Vaccine for Measles
Prevent measles and talk to your healthcare provider about the measles, mumps, and rubella (MMR) vaccine, especially if planning to travel.
Prevent measles with MMR vaccine
Measles can be prevented with MMR vaccine. The vaccine protects against three diseases: measles, mumps, and rubella.
The vaccine schedule is different if you or your child are traveling internationally. You should follow this schedule instead.
Schedule for MMR vaccine if you’re not traveling
|First Dose||Second Dose|
|Children*||Age 12-15 months||Age 4-6 years|
|Teenagers and adults with no evidence of immunity**||As soon as possible||N/A|
* CDC recommends this schedule for children 12 months and older. Infants 6-11 months and children 12 months and older traveling outside the U.S. should follow another schedule.
** Acceptable evidence of immunity against measles includes at least one of the following: written documentation of adequate vaccination, laboratory evidence of immunity, laboratory confirmation of measles, or birth in the United States before 1957.
Check if your child is due for MMR vaccine
If you have children, see if they’re due for MMR vaccine:
- Check your child’s vaccination record,
- Contact their healthcare provider, or
- Visit the immunization scheduler for newborn to 6-year-old children
Related page: Vaccine for Measles – A Parent’s Resource
MMR vaccine is safe and effective
Two doses of MMR vaccine are about 97% effective at preventing measles; one dose is about 93% effective.
There is no link between vaccines and autism
Scientists in the United States and other countries have carefully studied the MMR shot. No studies have found a link between autism and the MMR shot. Learn more
Measles can also be prevented with MMRV vaccine
Children may also get MMRV vaccine, which protects against measles, mumps, rubella, and varicella (chickenpox). This vaccine is only licensed for use in children who are 12 months through 12 years of age.
Paying for the measles vaccine
If you have insurance
Most health insurance plans cover the cost of vaccines. But you may want to check with your health insurance provider before your visit. How to Pay for Vaccines
If you don’t have insurance or your insurance does not cover vaccines for your child
If you have a child and don’t have insurance or if your insurance does not cover vaccines for your child, the Vaccines for Children Program (VFC) may be able to help. This program helps families of eligible children who might not otherwise have access to vaccines. To find out if your child is eligible, visit the VFC website or ask your child’s healthcare provider. You can also contact your state VFC coordinator.

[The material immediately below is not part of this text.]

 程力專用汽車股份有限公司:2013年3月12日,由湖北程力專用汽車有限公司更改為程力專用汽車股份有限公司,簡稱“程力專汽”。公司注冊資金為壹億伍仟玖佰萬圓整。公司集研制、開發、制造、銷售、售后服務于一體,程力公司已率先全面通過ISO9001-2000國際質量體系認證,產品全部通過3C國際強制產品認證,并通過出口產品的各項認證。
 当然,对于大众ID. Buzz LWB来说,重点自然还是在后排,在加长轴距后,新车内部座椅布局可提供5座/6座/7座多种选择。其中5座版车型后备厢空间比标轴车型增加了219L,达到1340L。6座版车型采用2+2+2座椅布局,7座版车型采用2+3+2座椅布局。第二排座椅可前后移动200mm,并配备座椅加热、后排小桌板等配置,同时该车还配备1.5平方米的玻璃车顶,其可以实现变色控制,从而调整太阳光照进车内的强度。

Measles is a serious disease that can lead to complications and death
Measles is a very contagious disease caused by a virus. It spreads through the air when an infected person coughs or sneezes. In fact, the measles virus can stay in the air for up to 2 hours after an infected person was there. So you can get infected by simply being in a room where an infected person once was. It is so contagious that if one person has it, up to 90% of the people close to him or her will also become infected if they are not protected.

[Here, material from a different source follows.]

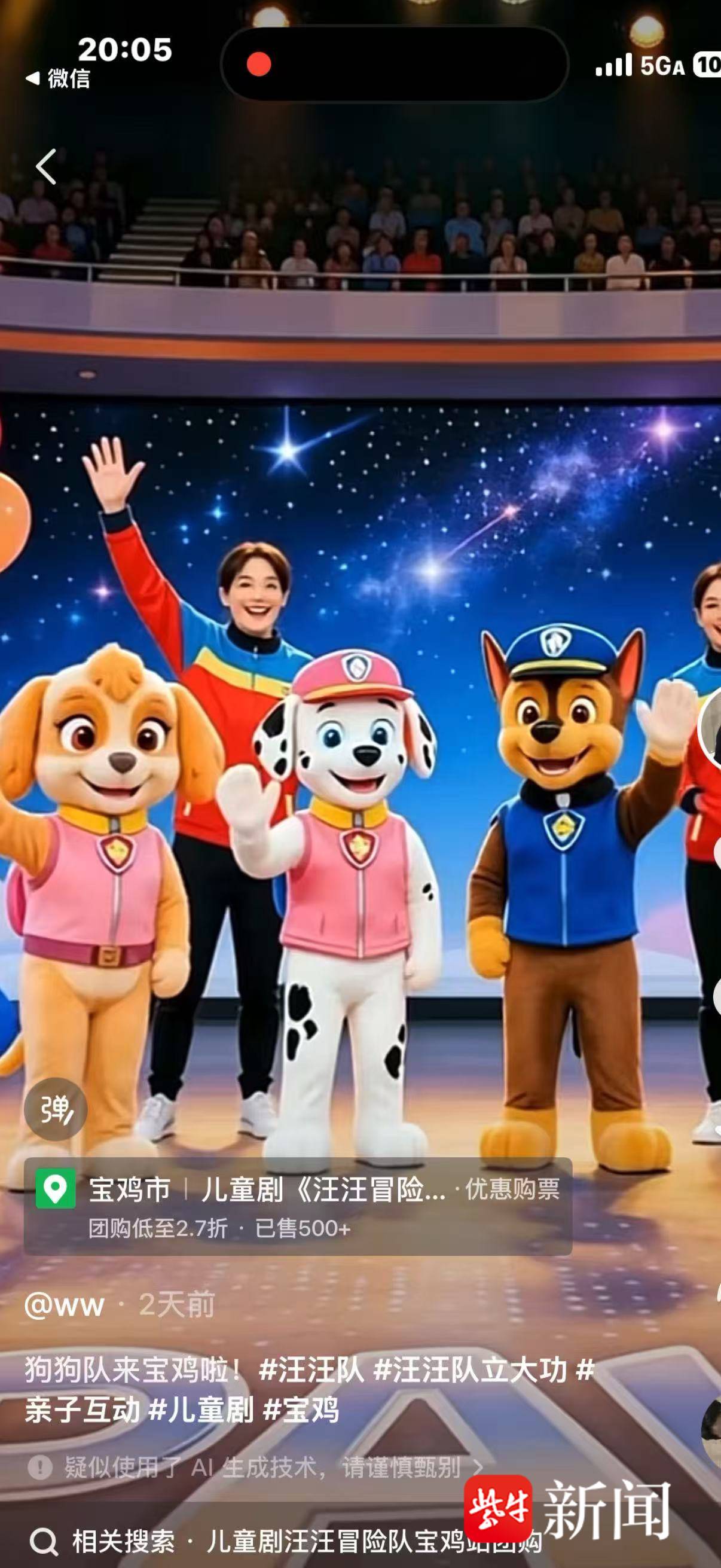 紫牛新闻记者搜索发现,一边是多地网友发帖批评“货不对板”“虚假宣传” ,晒出“踩坑”遭遇,发出“避雷”提醒。一边,平台上依旧可以刷到《汪汪冒险队》儿童舞台剧全国各地巡演的推广视频和团购链接。推广视频显示,演出计划已经排到5月。

Measles starts with fever. Soon after, it causes a cough, runny nose, and red eyes. Then a rash of tiny, red spots breaks out. It starts at the head and spreads to the rest of the body.
Vaccination prevents measles-related complications and death
Before the measles vaccination program started in 1963:
- an estimated 3 to 4 million people got measles each year in the United States;
- of these, approximately 500,000 cases were reported each year to CDC;
- of these, 400 to 500 died, 48,000 were hospitalized, and 1,000 developed encephalitis (brain swelling) from measles.
Since then, widespread use of measles vaccine has led to a greater than 99% reduction in measles cases compared with the pre-vaccine era.